МутаХамис - Дмитрий Шерстенников
Ничто под ногами и вокруг не напоминало археологические раскопки, видно, от Авариса осталось немного, но Николай чувствовал себя почти счастливым — увлечение опять завладело им. Здесь за забором чудесные ответы на загадку гиксосов казались возможными в отличие от равнодушно занятого бытовыми делами окружающего мира. Припекало солнце. Человек в панаме, наконец, увидел приближающегося Николая, остановился и молча смотрел на него. Николай приветливо помахал ему рукой. Человек помахал в ответ и строго крикнул что-то по-немецки, что заканчивалось на «нихьт». Николай широко ему улыбнулся. Человек достал свисток и засвистел.
В маршрутке Николай уже не стеснялся касаться соседей коленями. После бега от охранников, прибежавших на свист немецкого археолога, и двухчасового ожидания под солнцем маршрутки в обратную сторону, измученный Николай заснул на плече соседа.
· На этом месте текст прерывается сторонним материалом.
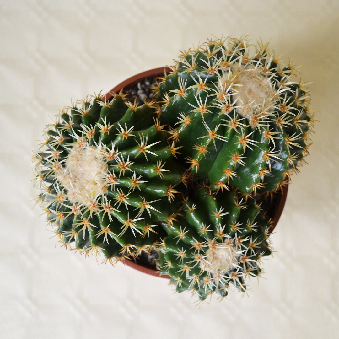 L’Echinocactus grusonii, comunemente conosciuto come "cuscino della suocera", è una succulenta affascinante che si fa notare per la sua forma rotonda e l’unicità delle sue spine. Originaria del Messico, in particolare delle zone aride e desertiche, questa pianta può raggiungere dimensioni significative, arrivando fino a un metro di altezza. La sua conformazione, simile a un cuscino, unita a un vivace colore verde, la rende un elemento interessante sia per giardini che per interni.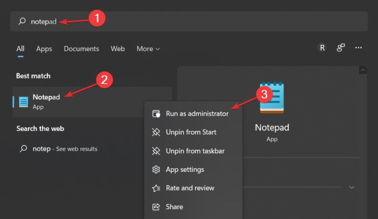 打开搜索框并输入记事本。右键单击顶部结果并选择run as administrator。
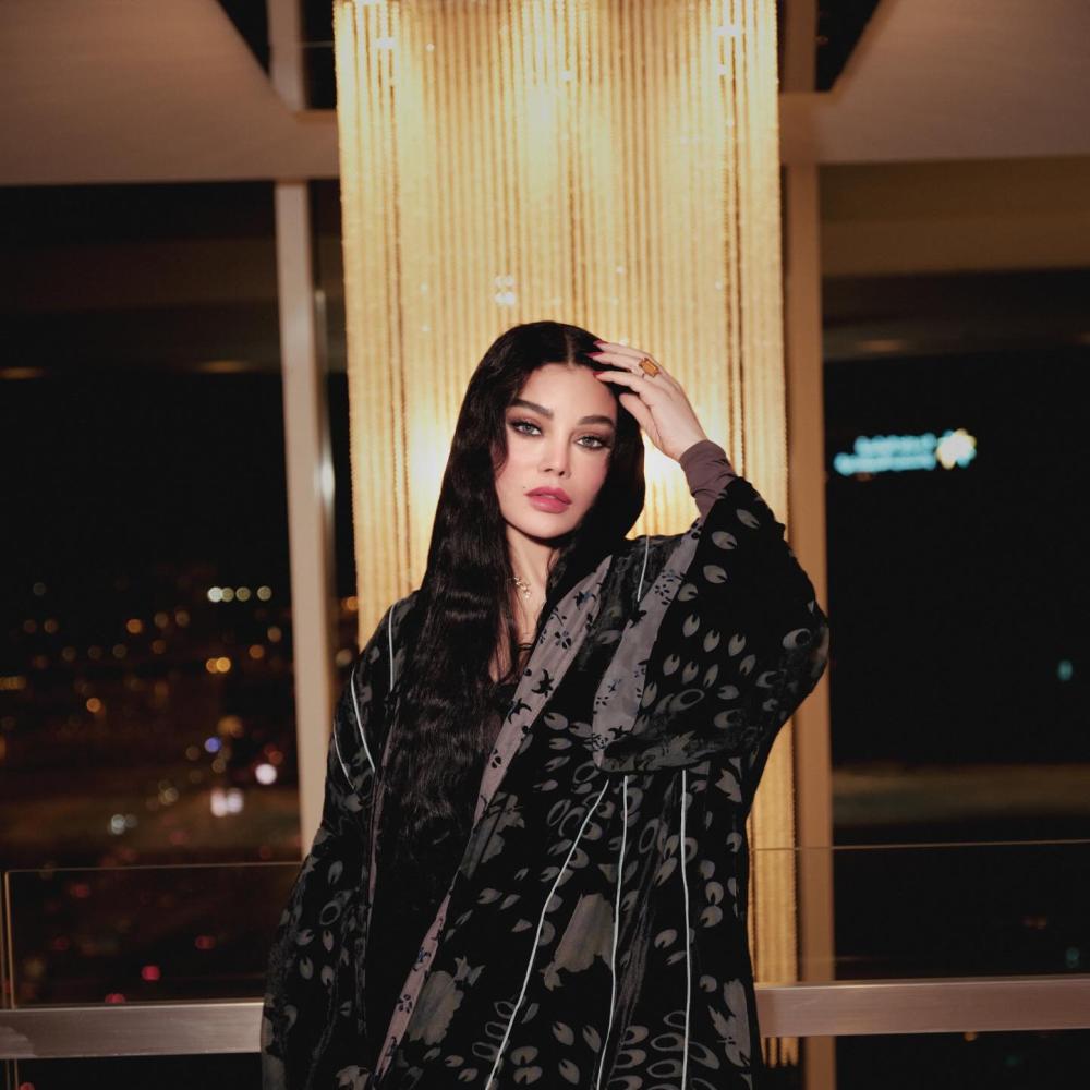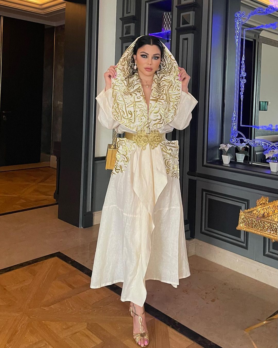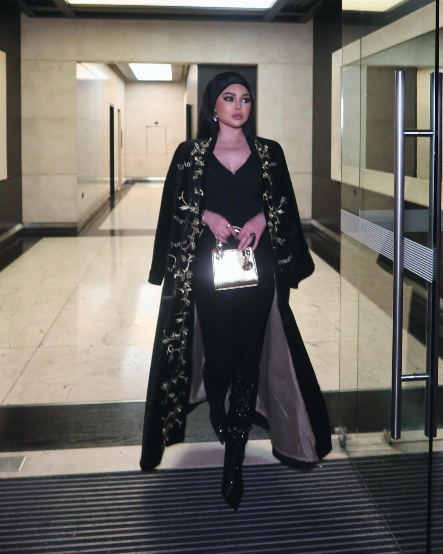 في ظهور آخر، اعتمدت سروالًا وتوبًا باللون الأسود ونسّقت فوقهما عباية مخملية مفتوحة مزينة بتطريزات ذهبية على شكل زهور صغيرة عند الأطراف. وأعادت إضافة اسمها على الظهر، إلى جانب عبارة “Diva Haifa” على أحد الأكمام، لتؤكد أن لمستها الخاصة جزء لا يتجزأ من التصميم.

Он проснулся от хлопка двери водителя, когда маршрутка остановилась у бензоколонки. Все пассажиры терпеливо ждали. В тишине в открытое окно подул слабый ветер, негромко зашумела рощица высоких пальм. Николай вдруг с удовольствием вспомнил о том, что уже скоро будет в России.
В Танту Николай вернулся уже затемно. Сладкая ностальгическая тоска не оставляла его, он отправился гулять по вечернему городу. На улицах было людно, холодно, грязно. Вдруг все органы чувств Николая восстали против окружающей уличной суеты:
Слуху стало нестерпимо слышать резкие гудки и грубые звуки чужой речи. Обоняние восставало против разлитых в холодным воздухе неродных запахов дыма и специй.
Взгляду стало невыносимо от многолюдья чуждых типажей: смуглых усатых мужиков в пиджаках, надетых поверх свитеров или в длинных арабских "ночных рубахах", толстых теток в платках и длинных покрывалах, девушек в платках, в джинсах, прикрытых цветастыми халатиками, смуглых пареньков в ярких спортивных куртках с будто мокрыми от лака волосами в обтягивающих брючках.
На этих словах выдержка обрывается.